A legacy of the value of a NURSE.
I have had numerous experiences with nurses these past ten years, and I joke that I am on a first name basis. But the value they give is so incredibly immense, I think we take it for granted and owe them an applause!
I did have one nurse who gave me the paranoia itches, I was convinced she was going to suffocate me in the middle of the night with a pillow. I fought the Morphine, too scared to close my eyes. And then there was the nurse-in-waiting, the trainee, who put a bubble in my IV, failed to note that I almost passed because the pain was so great and they had told me how to self administer morphine while I was two sheets under – and so I heard/remember nothing. How smart is that. So, as I turned gray, no one seemed to notice until nearly too late.
But, they were the exceptions. And in looking back, a good story that has a happy ending. Most of my experiences have been phenomenal, not just good, but Great!
I have an absolutely amazing doctor story who I call an ‘Artiste’, and then I have the butcher. I think maybe, after a while, you just take the bad with the good. Enter, Obamacare! Shitake Mushrooms! You can’t imagine until it happens to you. A story is a distant phenomena, a yawn, an ‘oh’. And then wham! I mean I guess I didn’t ‘read the fine print’. I didn’t realize that all insurers now support a co-insurance clause. All of them. Even our esteemed Kaiser. And that little change is WAY good for the Insurer, and WAY bad, bad for you and I. Because it makes your deductible – worthless. It creates a brand new frame of potential bankruptcies, it is too large to imagine. My little two day surgery cost about $120,000 of which I am liable for about 10% in total. Throw away the deductible, the co-insurance destroys you.

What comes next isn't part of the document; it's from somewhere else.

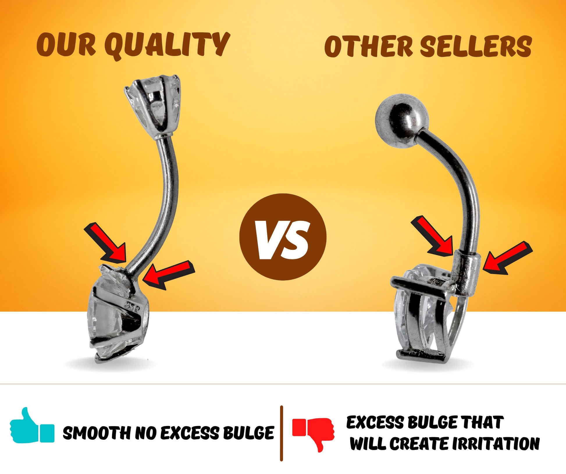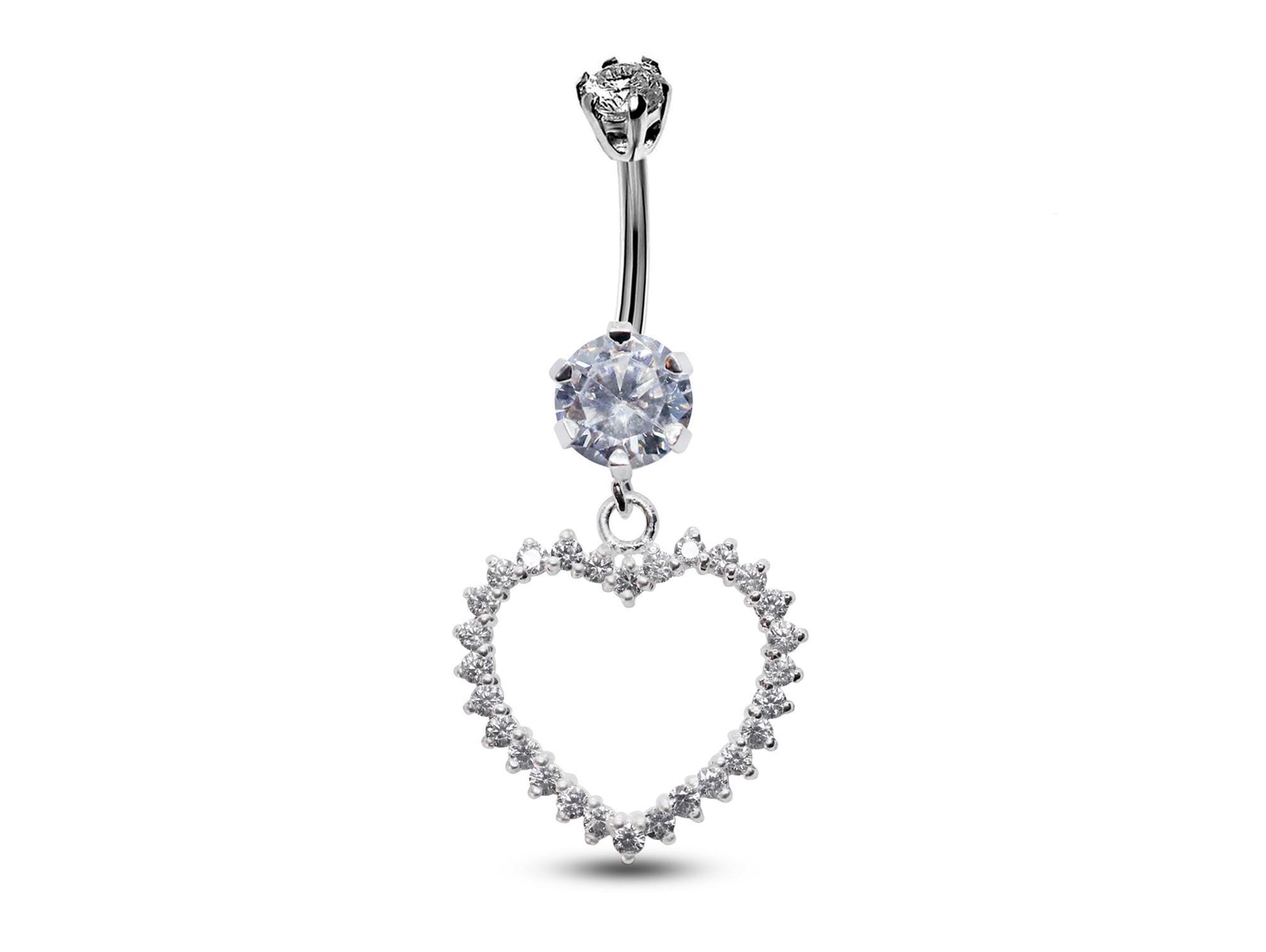 Silver Belly Button Ring, Belly Bars- Dangle Open Heart Belly Ring with High Quality Crystals - Navel Ring - 16g (1.6mm)

So what happens to our esteemed nurses as the healthcare system in the US begins to rupture and implode? In a Socialist agenda, they would actually get paid even less, and their would be no incentive to have an expertise! Let’s not forget the reality – in Europe they measure wait times in increments of annual quarters – 3 – 6 – 9 – 12 months – and greater than a year.

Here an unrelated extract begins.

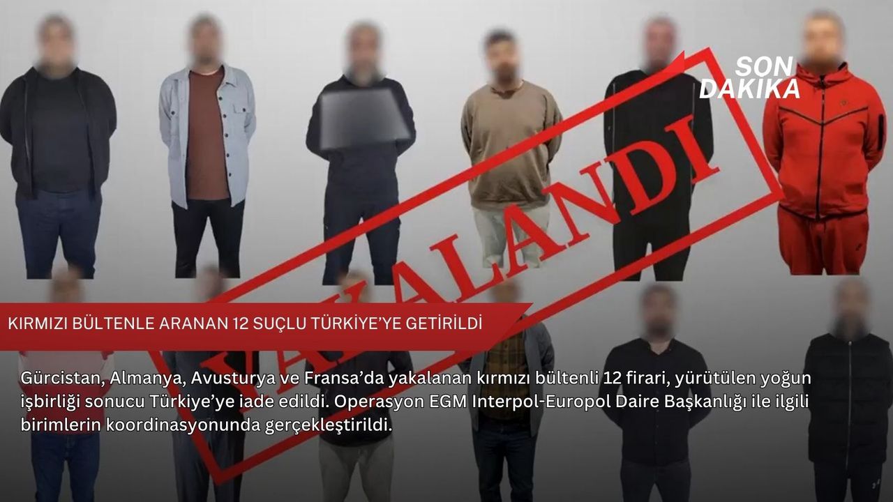 Bakan Yerlikaya, sosyal medya hesabından yaptığı açıklamada, "Kırmızı bültenle uluslararası seviyede aranan F.K., O.U., M.T., K.K., B.T., T.L., İ.K., A.A., S.D., E.Y., Z.S. ve H.D. yakalandı ve ülkemize iadeleri sağlandı" dedi.
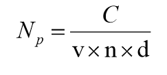 : somme des colonies comptées sur l’ensemble des boîtes de Pétri sélectionnées et exploitables (boites provenant de deux dilutions successives et dont au moins une contient 15 colonies ; seules les boites correspondant à un nombre d’UFC inférieur ou égal à 300 sont considérées dans le calcul).- Calculer la concentration « Np » (UFC/mL) en microorganismes cultivables dans la prise d’essai de l’échantillon à l’aide de la formule suivante :

In the US we measure that time in terms of days and weeks.
Are you ready to absorb that change?
I can’t imagine it benefits anyone – except of course the Big Pharma Industry which is putting out all the temporary pain killers and relaxers, and anti-anxiety stuff, to get you through the year long wait before you can actually see a doctor, diagnosis or not your illness, and get a remedy. But to add to the dilemma, we have a business environment where actually curing is a detriment to big pharma which nearly rules the world, I might add, that the band-aid creates a lucrative and endless market. Like the Chiropractor, it is a fix that is temporary, but the actual underlying cause is not treated becaue that would mean a cured patient and loss of revenue.

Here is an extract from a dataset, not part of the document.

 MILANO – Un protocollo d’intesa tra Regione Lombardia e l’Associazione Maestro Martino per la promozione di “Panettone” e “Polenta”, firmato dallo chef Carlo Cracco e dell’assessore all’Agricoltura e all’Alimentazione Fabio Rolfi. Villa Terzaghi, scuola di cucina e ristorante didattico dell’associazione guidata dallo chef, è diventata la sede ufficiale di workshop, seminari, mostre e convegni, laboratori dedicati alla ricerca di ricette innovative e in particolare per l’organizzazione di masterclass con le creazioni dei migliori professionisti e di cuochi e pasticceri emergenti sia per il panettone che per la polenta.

Enter online self diagnosing and natural remedies. Ta-Da! The new way reminiscent of 100 years ago and 1000 years ago. And there are angels in Cuba. They have the mindset of curing vs money. And that makes them very desirable!
Maybe – an investment worth researching for your portfolio.
In the end, I can’t answer if I would be willing to forgo the amazing relationship I have with my children, for the adoration of a man… I wish they could be inclusive. But it would seem, that is not reality – it is simply a celluloid hero – ~ The Kinks.